### [ACTIVITY]
Please copy the data below exactly, from its first line through the line holding "本文關于瑞典女將冬奧首金的簡介就講解完畢,希望對大家有所幫助。", and skip the pictures.

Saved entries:
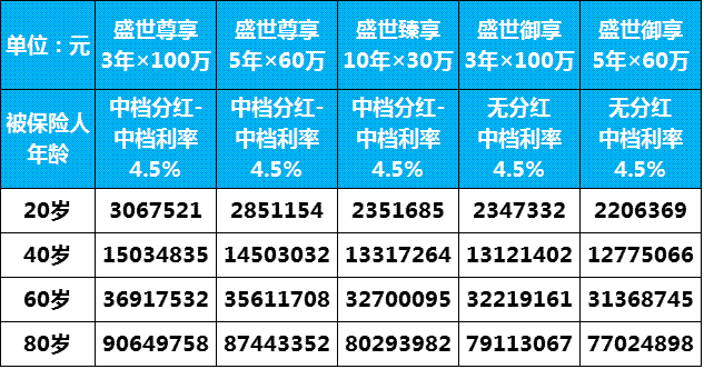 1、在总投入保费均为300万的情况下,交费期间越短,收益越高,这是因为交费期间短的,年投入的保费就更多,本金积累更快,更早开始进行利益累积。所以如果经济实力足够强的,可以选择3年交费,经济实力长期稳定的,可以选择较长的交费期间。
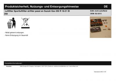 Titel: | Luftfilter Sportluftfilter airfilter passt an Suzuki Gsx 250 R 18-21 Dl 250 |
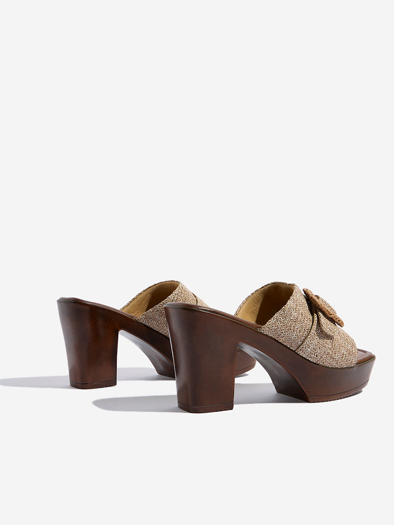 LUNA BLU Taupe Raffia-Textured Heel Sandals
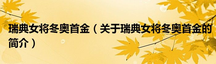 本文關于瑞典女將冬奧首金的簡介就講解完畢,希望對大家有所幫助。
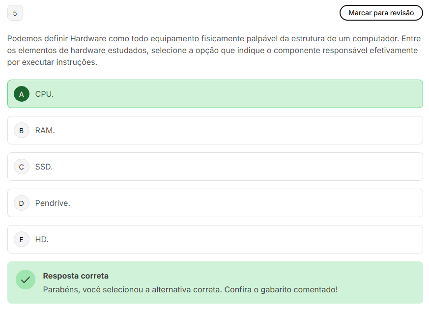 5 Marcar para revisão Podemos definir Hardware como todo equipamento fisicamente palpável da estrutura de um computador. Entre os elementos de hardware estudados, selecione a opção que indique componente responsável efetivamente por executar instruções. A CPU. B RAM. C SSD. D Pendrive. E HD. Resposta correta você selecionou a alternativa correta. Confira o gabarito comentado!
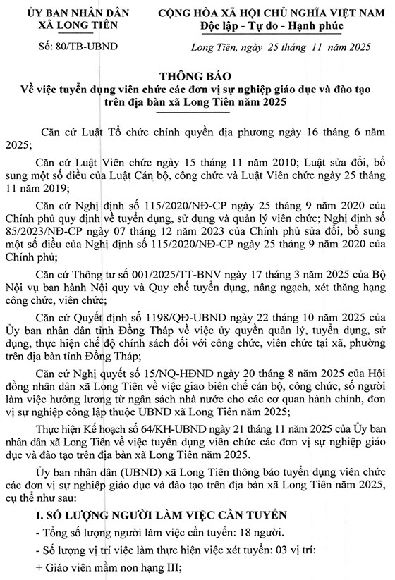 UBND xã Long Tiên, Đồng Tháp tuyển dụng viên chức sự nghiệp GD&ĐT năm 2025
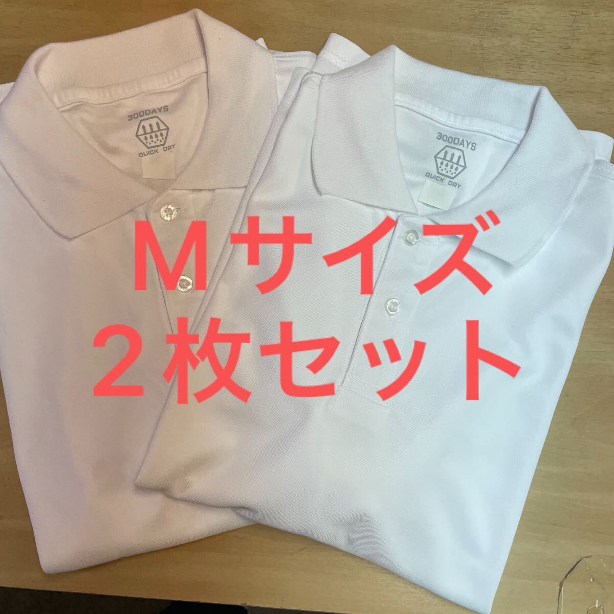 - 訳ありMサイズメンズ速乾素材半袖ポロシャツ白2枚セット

### [ANSWER BELOW]
 1、在总投入保费均为300万的情况下,交费期间越短,收益越高,这是因为交费期间短的,年投入的保费就更多,本金积累更快,更早开始进行利益累积。所以如果经济实力足够强的,可以选择3年交费,经济实力长期稳定的,可以选择较长的交费期间。
 Titel: | Luftfilter Sportluftfilter airfilter passt an Suzuki Gsx 250 R 18-21 Dl 250 |
 LUNA BLU Taupe Raffia-Textured Heel Sandals
 本文關于瑞典女將冬奧首金的簡介就講解完畢,希望對大家有所幫助。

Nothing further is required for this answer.